TOP: Scientific Name: Colchicum autamanale.Other Common Names: Meadow Saffron, Autumn Crocus, Naked Lady. Pharmaceutically, the bulb-like corms of Colchicum autumnale (crocus) contain colchicine, a molecule that has a narrow therapeutic index (ie, the US FDA and the European EMA have only approved it for the treatment of gout and familial Mediterranean fever). Research and clinical trials are examaning its usefulness for cancer control and reversal.
SECTION A
COLCHICINE: A CANDIDATE MOLECULE FOR CANCER THERAPY
Over the years, the “naked lady’s” (1) colchicine has been used for different health conditions. (2) It has also been tested as an anti-cancer agent, in particular, for its anti mitotic, anti-tubulin and anti- vascularization effects against cancer cells. (3). However, colchicine can be highly toxic to non cancerous cells as well. (4) To address this hurdle, scientists at Bradford university in England have found a way to use colchicine selectively against cancer cells, by disruptiong its vascular network via different biochemical mechanisms. (5)

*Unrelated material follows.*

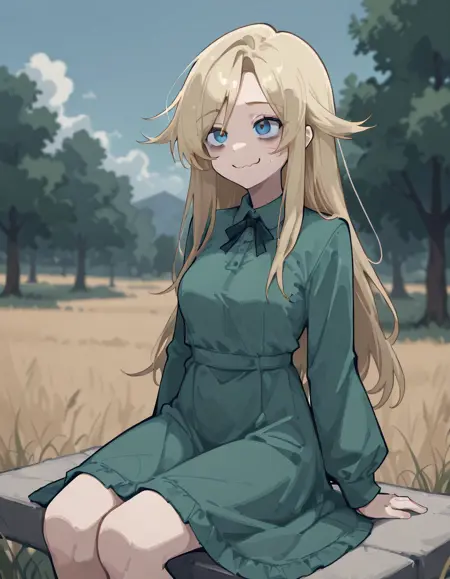 新しく追加されたOCですが、特に指定がなければ、彼女は通常緑のドレスを着ていることが想定されており、それが彼女の一番好きな服装です。彼女は落ち込み、疲れており、気分が滅入っています。この状態から彼女を救い出すのはかなり大変です。例の画像に見られるように、たとえ彼女に幸せな笑顔を求めてプロンプトを送っても、過去のトラウマ体験の影響で、いつでも崩れそうな表情になってしまいます。
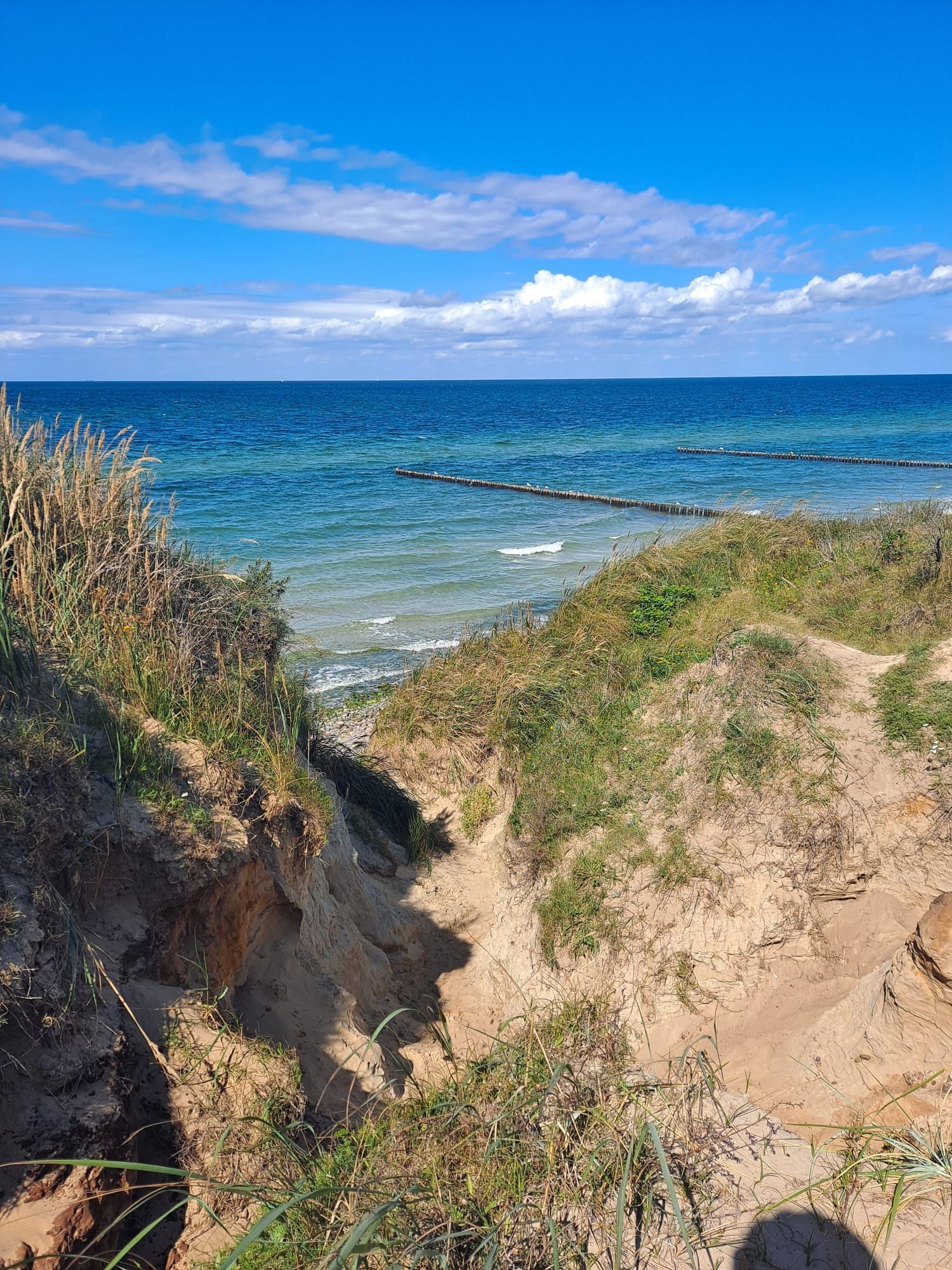 Na een vroeg ontbijt gisteren trakteerden we onszelf vandaag op een later opstaan, want Philipp had wat meer slaap nodig omdat hij zich wat misselijk begon te voelen en een lichte reut in zijn longen had. We verlieten ons hotel, dat gebouwd is van zeecontainers. De Dock Inn sponsorde ook onze overnachting als onderdeel van de tour. We reden door de stationstunnel richting de haven. De cruiseschepen waren toen allemaal vertrokken. Ons eerste hoogtepunt was de veerboot naar Hohe Dühne. We namen een korte cakepauze in een café aan de pier in Graal-Müritz.

In this perspective, The Bradford University researchers in West Yorkshire England, led by Professor Laurence Patterson, have tweaked the colchicine molecule to make it much less toxic than what it is. They have done this by delivering colchicine directly to a tumour thereby preventing damage to the other non cancerous cells.
TARGETING THE MATRIX METALLOPROTEASES
The Bradford scientists have accomplished this “breakthrough” thanks to, inter alia, the matrix metalloproteinase (MMP) enzymes, which are abandantly produced by cancer cells. Matrix metalloproteinases comprise a family of 24 zinc-dependent endopeptidases with structural similarity. These enzymes have a pivotal role in tumorigenesis and tumor progression (6)
In order to target colchicine directly to tumours then, the researchers had to first target this family of proteins, the MMTs, if only because cancer cells produce a huge amount of these robust proteins that are used to destroy the gelatinous gloop that surrounds healthy cells, (eg the extracellular matrix). Once this gelatinous gloop is cleared, cancer cells can then start its angiogenesis mission, the building of new blood vessels to grow towards them, thereby providing essential oxygen and nutrients to cancer cells.
THE TROJAN HORSE TECHNIQUE
To exploit this above-mentinoed particularity, the Bradford researchers attached long molecular ‘tails’ to individual colchicine molecules. Once this ‘tail’ was hacked off by MMP enzymes then it was activated into the potent cell-killing form of the drug that kills cancer cells as well as new growing blood vessels thereby starving the tumor of nutrients and oxygen. (7)
Art form of the naked lady’s shapes
SECTION B
COLCHICINE FOR PREVENTION
In the 1970s, French scientist André Gernez proposed to use a protocole based colchicine as a pubilc health measure. This “active prevention” protocole, designed for risk populations (notably between 40 and 65 years of age) is based on light chemotherapeutic agents, in particular colchine and chloral in association with growth hormone and DHEA inhibition, (including via the gamma knife radiation technique), caloric restriction, and inter alia, supplementation. Dr Gernez’s carcinogenesis’ theory is that cancer cells thrive in an alkaline environment and must be preventively killed with light “chemo). Colchicine is a central element of this active protocole. (Source)
While this protocole was shown by INSERM to be relatively successful in animals, the conclusion for human use has not been fully investigated. As a result, the French authorities and official cancer organizations have deemed this protocol too dangerous and not sufficiently proven. (Source).
On the other hand, new evidence has shown that part of this Gernez protocol may be reasonable, in particular the use of low dose cholchicine as do gout patients (eg around .6 mg). (Source) One of these studies has found a significant association between reduced risk of incident cancers, particularly in prostate and colorectal cancers, and use of colchicine in male patients with gout.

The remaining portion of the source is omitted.